What is the preferred Kubernetes storageClass for a PersistentVolume used by a Postgresql database? Which factors should go into consideration choosing the storageClass when I have the choice between S3 (Minio), NFS and HostPath?
-
Hi mxcd, how you set up a k8s cluster (cloud provider / on-premises)?mozello– mozello2022-03-14 17:02:24 +00:00Commented Mar 14, 2022 at 17:02
-
@mozello I am currently planning a setup with a K3s cluster on premisemxcd– mxcd2022-03-15 10:41:56 +00:00Commented Mar 15, 2022 at 10:41
3 Answers
When you choose a storage option for Postgresql in Kubernetes, you should take into account the following:
NFS / Minio is not the preferred storage for databases, if your application is latency-sensitive. A common use case is a download folder or a logging/backup folder.
But it gives you flexibility to design a k8s cluster and ability to easily move to cloud-based solution in future (AWS EFS or S3 for example).HostPath is a better option for databases. But
Kubernetes supports hostPath for development and testing on a single-node cluster. A hostPath PersistentVolume uses a file or directory on the Node to emulate network-attached storage.

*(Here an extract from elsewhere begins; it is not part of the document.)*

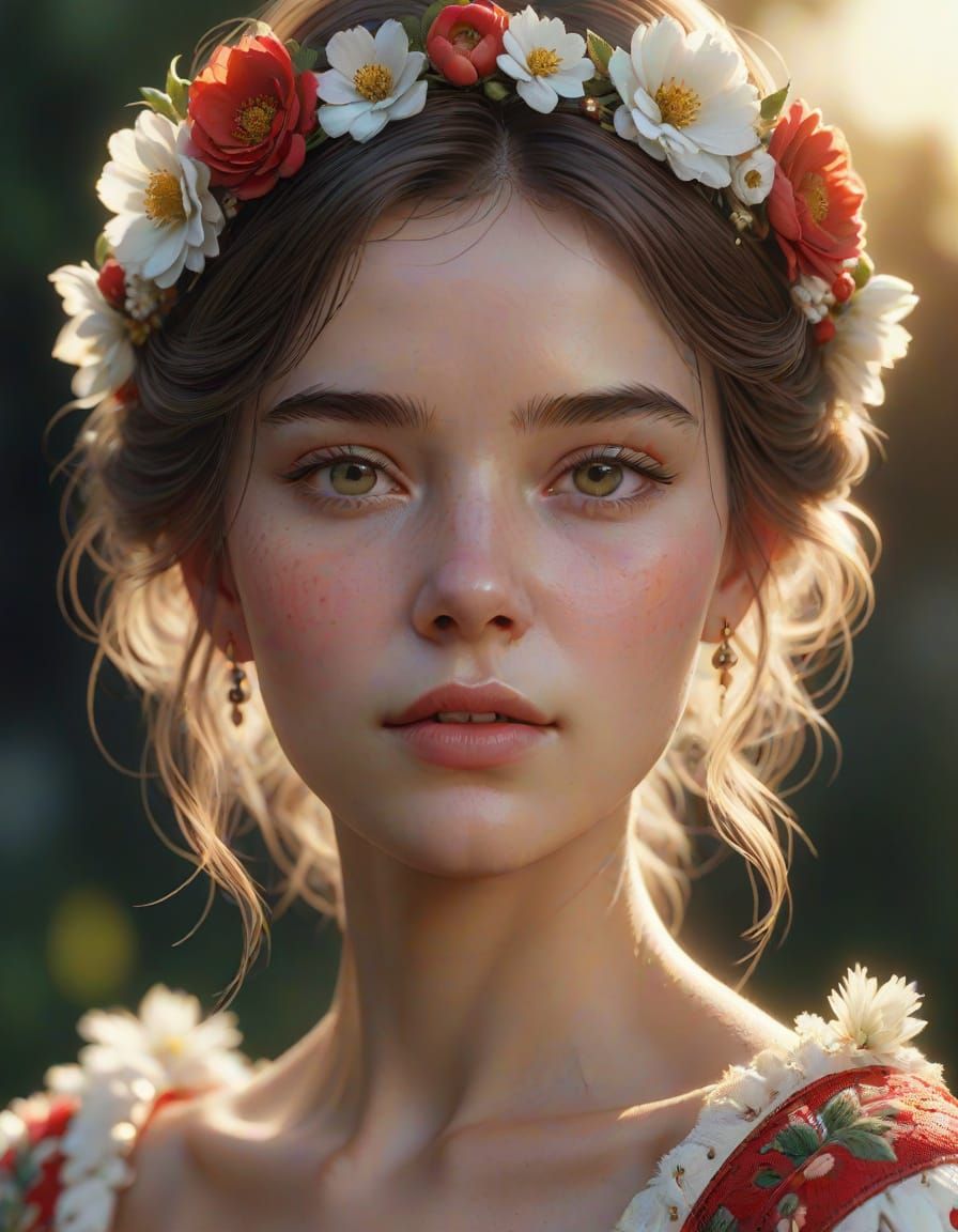 This hyperrealistic image showcases a beautiful woman with fair skin and dark eyes, adorned with a lush floral crown and an intricately embroidered dress. Captured in soft, golden hour light, the fine details of her makeup and skin are vividly rendered.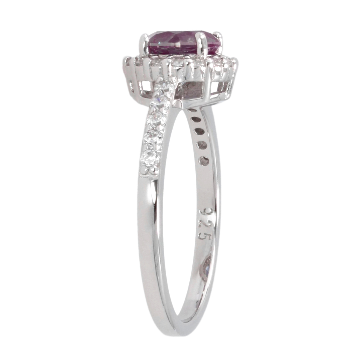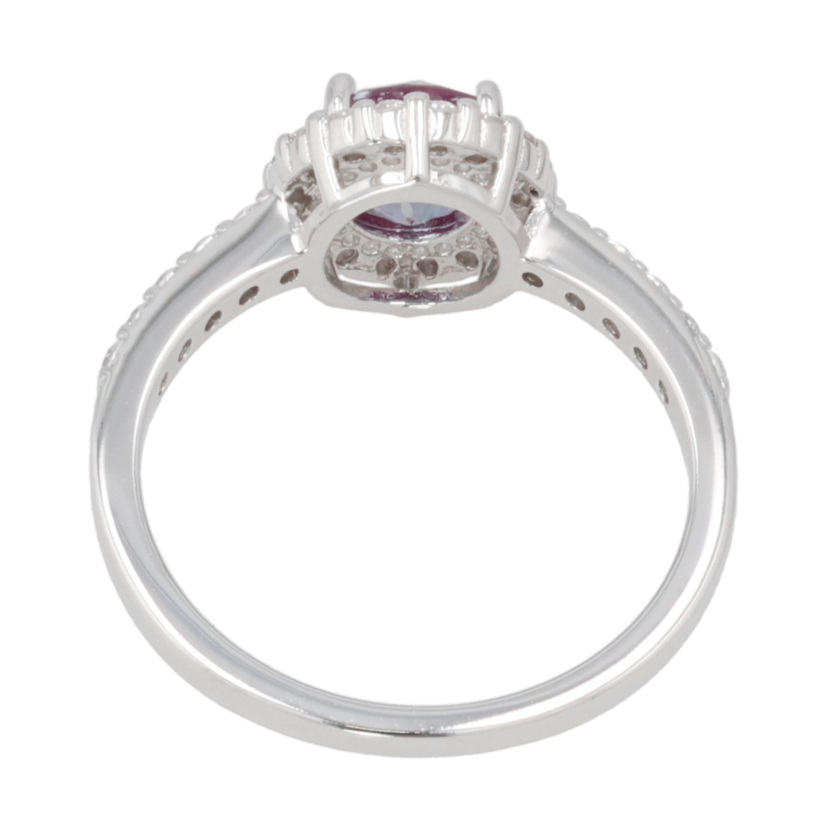 シンセティックアレキサンドライトをあしらったリング。キュービックジルコニアで取り巻き、メインストーンを引き立てています

In a production cluster, you would not use hostPath. Instead a cluster administrator would provision a network resource like a Google Compute Engine persistent disk, an NFS share, or an Amazon Elastic Block Store volume. Cluster administrators can also use StorageClasses to set up dynamic provisioning.
- As you mentioned, there is quite a good option for non-cloud k8s clusters Longhorn
Longhorn is a lightweight, reliable, and powerful distributed block storage system for Kubernetes.
Longhorn implements distributed block storage using containers and microservices. Longhorn creates a dedicated storage controller for each block device volume and synchronously replicates the volume across multiple replicas stored on multiple nodes. The storage controller and replicas are themselves orchestrated using Kubernetes.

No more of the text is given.